1631. Path With Minimum Effort

 You are a hiker preparing for an upcoming hike. You are given heights, a 2D array of size rows x columns, where heights[row][col] represents the height of cell (row, col). You are situated in the top-left cell, (0, 0), and you hope to travel to the bottom-right cell, (rows-1, columns-1) (i.e., 0-indexed). You can move up, down, left, or right, and you wish to find a route that requires the minimum effort.

A route's effort is the maximum absolute difference in heights between two consecutive cells of the route.

Return the minimum effort required to travel from the top-left cell to the bottom-right cell.

Example 1:

Input: heights = [[1,2,2],[3,8,2],[5,3,5]]
Output: 2
Explanation: The route of [1,3,5,3,5] has a maximum absolute difference of 2 in consecutive cells.
This is better than the route of [1,2,2,2,5], where the maximum absolute difference is 3.

Example 2:

Input: heights = [[1,2,3],[3,8,4],[5,3,5]]
Output: 1
Explanation: The route of [1,2,3,4,5] has a maximum absolute difference of 1 in consecutive cells, which is better than route [1,3,5,3,5].

Example 3:

Input: heights = [[1,2,1,1,1],[1,2,1,2,1],[1,2,1,2,1],[1,2,1,2,1],[1,1,1,2,1]]
Output: 0
Explanation: This route does not require any effort.

 

Constraints:

• rows == heights.length
• columns == heights[i].length
• 1 <= rows, columns <= 100
• 1 <= heights[i][j] <= 106

• Key Concepts and Constraints

  What Makes This Problem Unique?

  1. Graph Representation:
     This problem can be mapped to a graph where each cell in the 2D matrix is a node. The edges connecting these nodes represent the "effort" required to move from one cell to another.
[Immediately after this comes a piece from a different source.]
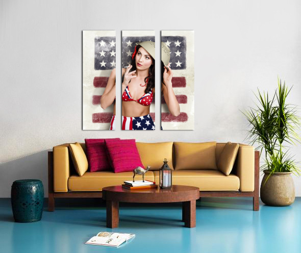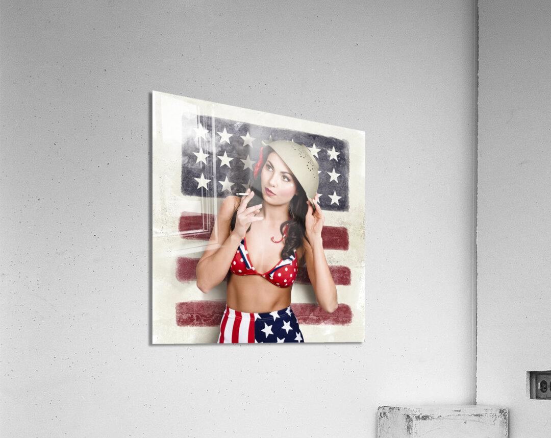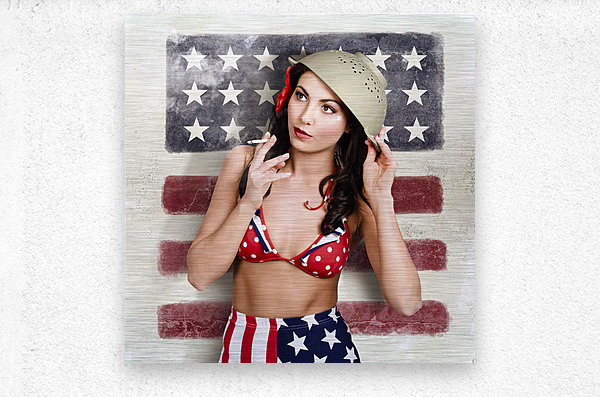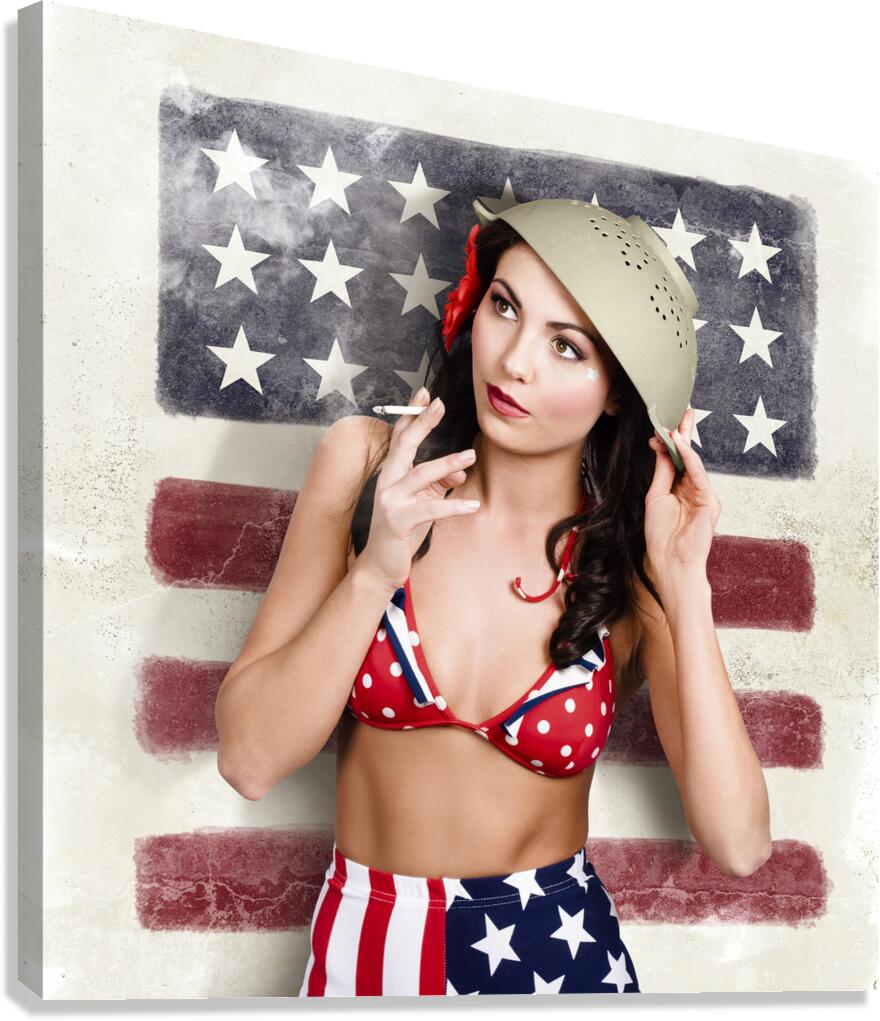 ABOUT THIS ARTWORK: USA PIN-UP WOMAN. ON VINTAGE AMERICAN FLAG WALL

  2. Variants of Shortest Path Algorithms:
     The objective is similar to finding the shortest path, but with a different metric. We need to minimize the maximum absolute difference between adjacent nodes.

  3. Constraints:

     • $1\le \text{rows, columns}\le 100$
     • $1\le \text{heights}[i][j]\le 10^6$

  Strategies to Tackle the Problem

  1. Dijkstra's Algorithm:
     A classic algorithm for finding the shortest path in a weighted graph, adapted for this problem.
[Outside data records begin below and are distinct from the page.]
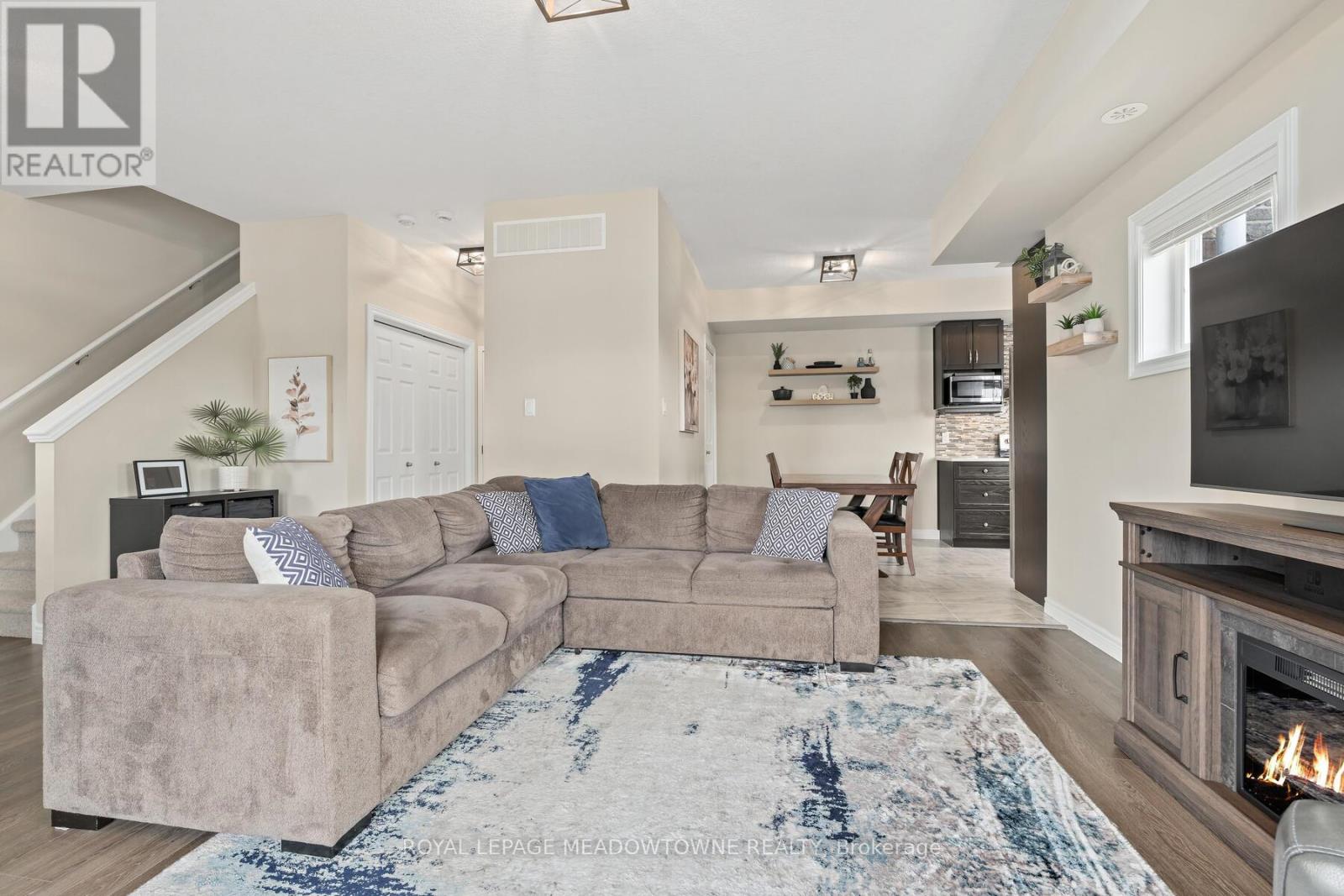 Welcome to 39 Kay Cres, Unit #20. This beautifully well maintained 3-bedroom, 1.5 bathroom, stacked townhome with built-in garage is an end unit, offers beautiful windows & natural light. Ideally situated in Guelphs sought after south end. Offering the perfect balance of comfort, convenience, &style, this home is just minutes from major amenities, highway access, schools, shopping & scenic golf courses. Inside, you'll find an inviting open concept main floor living space with a modern eat in kitchen featuring quartz countertops, SS appliances & classic shaker style cabinetry. Kitchen flows seamlessly into the living area which is perfect for entertaining or relaxing. Step through double doors from the living area onto your private balcony, a great spot for morning coffee or evening glass of wine. Convenient 2-piece powder room rounds out the main level. Upstairs you'll find three generously sized bedrooms a full 4-piece bathroom, stacked laundry closet making everyday living a breeze. Freshly painted, updated lighting on main level, ample storage space with generous closets in each bedroom & at the entrance. Whether you're a first-time buyer, down sizer, or investor this is one not to miss. (id:64974)
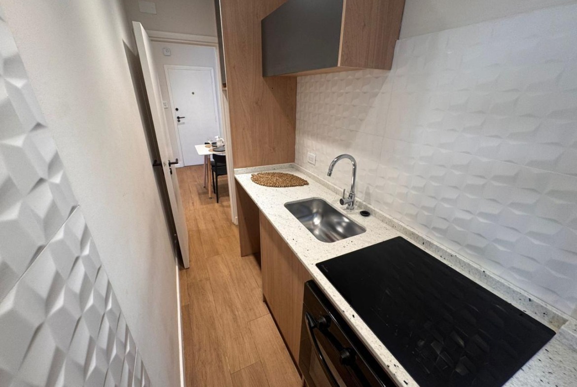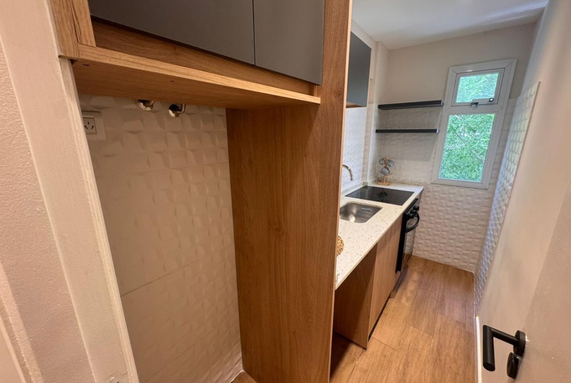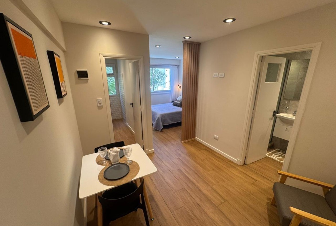 Se encuentra completamente reciclado a nuevo, cañerías e instalación eléctrica. Cocina separada con horno y anafe eléctrico. Termotanque eléctrico. Muebles de cocina a medida. Sector living con sillón de 1 plaza, equipado con juego de mesa y sillas. Dormitorio con placard, somier de dos plazas con respaldo. Baño completo con ducha, mampara. Mueble a medida con espacio y conexión de lavarropas. El edificio es eléctrico.
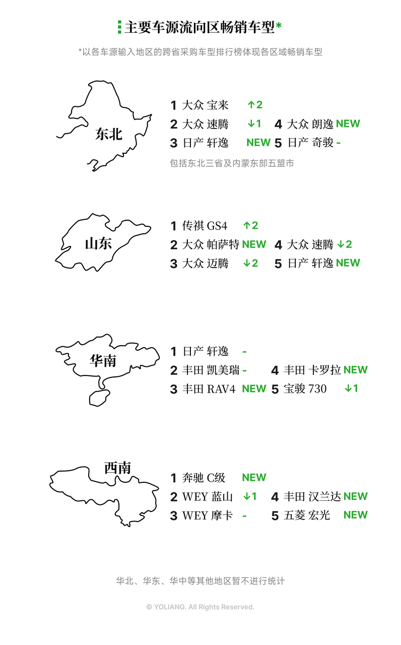 中国二手车车源的流通性持续增加,2026年中国全年二手车交易量首次突破2000万台大关,达到2010.80万辆,同比增长2.52%,跨省流通比例持续增加。有辆30指数创新型的提供“跨省流通”分析,在省级行政区跨省采购榜单中,2026年1月四川省跻身TOP 5榜单。在跨省流通畅销车型方面,日系品牌表现出了传统优势,出现在各省TOP 5采购榜单的车型8次位居第一,德系品牌车型7次位居第二。

  2. Dijkstra's Algorithm Explained

     What is Dijkstra's Algorithm?

     Dijkstra's Algorithm is a classic graph algorithm that finds the shortest path from a source node to all other nodes in a weighted graph. In this case, the graph is represented by a 2D grid of cells, where each cell is a node and the edges between them represent the effort to move from one cell to another.

     Mechanics of Dijkstra's Algorithm in "Path With Minimum Effort"
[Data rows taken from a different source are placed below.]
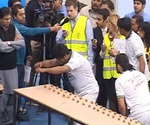 En este caso, Mohammad Rashid se presentó en el reconocido evento y logró batir el récord mundial, ya que en tan solo 1 minuto quebró 155 nueces con la cabeza,superando la marca anterior de 44 nueces.
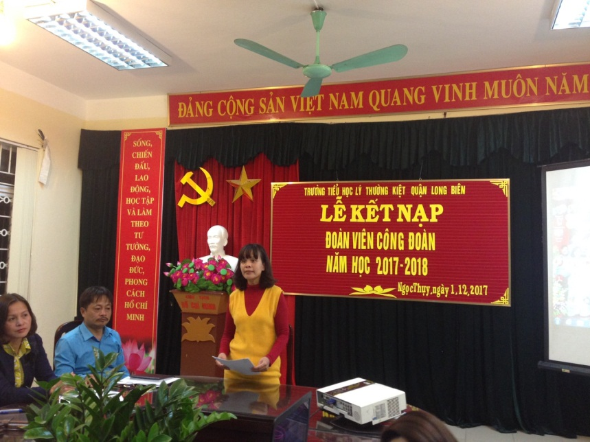 Đồng chí Phạm Hà Thu – chủ tịch công đoàn công bố và trao quyết định cho 8 đồng chí đoàn viên công đoàn mới. Đồng chí Nguyễn Văn Kỳ - Bí thư chi bộ - Hiệu trưởng nhà trường chúc mừng các đoàn viên công đoàn mới được kết nạp và mong muốn trên từng cương vị công tác, các đoàn viên công đoàn mới với sức trẻ, với sự nhiệt huyết của mình không ngừng phấn đấu, chung sức, chung lòng đóng góp công sức để xây dựng dông đoàn, xây dựng Nhà trường ngày càng phát triển.
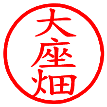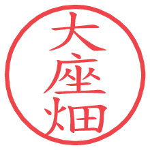 [朱肉の色]を選び、入力窓に“大座畑”と入力して[生成]ボタンを押すと、印影が更新され、リンクから電子印鑑(デジタル印影)がダウンロードできます。 電子印鑑「大座畑」の作り方文字表示が変なときや、文字バランスが悪いときは[字形切替]のチェックボックスでON/OFFを切り替え[生成]しなおしてください。 生成される画像は通常の印影「大座畑.png」と、にじみを表現した少し太めの印影「大座畑B.png」の背面透過PNG形式2種と、鮮明なPDF形式の印影「大座畑.pdf」の計3種類です。 朱肉の微妙な色の違いを7色で表現しました。デフォルト(左端)は、JISが定めた朱肉の色のマンセル値(7.5R 5/14)をRGB値(217,66,54)に変換したものになっています。 「電子透かし」にチェックを入れて[生成]ボタンを押すと、タイムスタンプを電子透かしとして埋め込んだセキュアな電子印鑑が作れます。詳細は別ページの「タイムスタンプと電子透かし」でご覧ください。 大座畑さんの日付印が作れます。「日付スタンプメーカー」は、社内向けの書類に利用されることの多い日付印(データ印)が無料で作れるWebアプリケーションです。中段に日付が入り、上段と下段は、ともに8文字まで文字が入ります。 ![]() 古代文字で落款印が作れます。「落款スタンプメーカー」で作品を引き立たせる落款印が作れます。
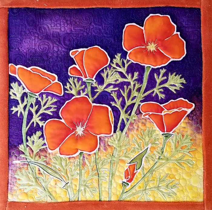 - Gail Wild “Wild California Poppies” 2017, Silk paint quilted to rayon velvet, 12” x 12” x 1.5”.
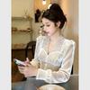 Elegant White Velvet Lace-Cinched Shirt for Women

     1. Initialize Priority Queue:

        • The algorithm starts at the top-left corner (the source). The priority queue is initialized to store the effort needed to reach each cell from the source. The effort for the source itself is zero.

     2. Distance Matrix:

        • A 2D array keeps track of the minimum effort required to reach each cell. Initially, this is set to infinity for all cells except the source.

     3. Iterate and Update Distances:

        • The algorithm pops the cell with the smallest effort from the priority queue and explores its neighbors. The effort required to reach a neighbor is updated if a smaller effort is found.

     4. Early Exit:

     • The algorithm stops when it reaches the bottom-right corner, returning the effort required to get there.

     Time and Space Complexity

     • Time Complexity: $O(M\times N\log (M\times N))$, where $M$ and $N$ are the dimensions of the grid. This is primarily due to the operations on the priority queue.
     • Space Complexity: $O(M\times N)$, needed for the distance matrix and the priority queue.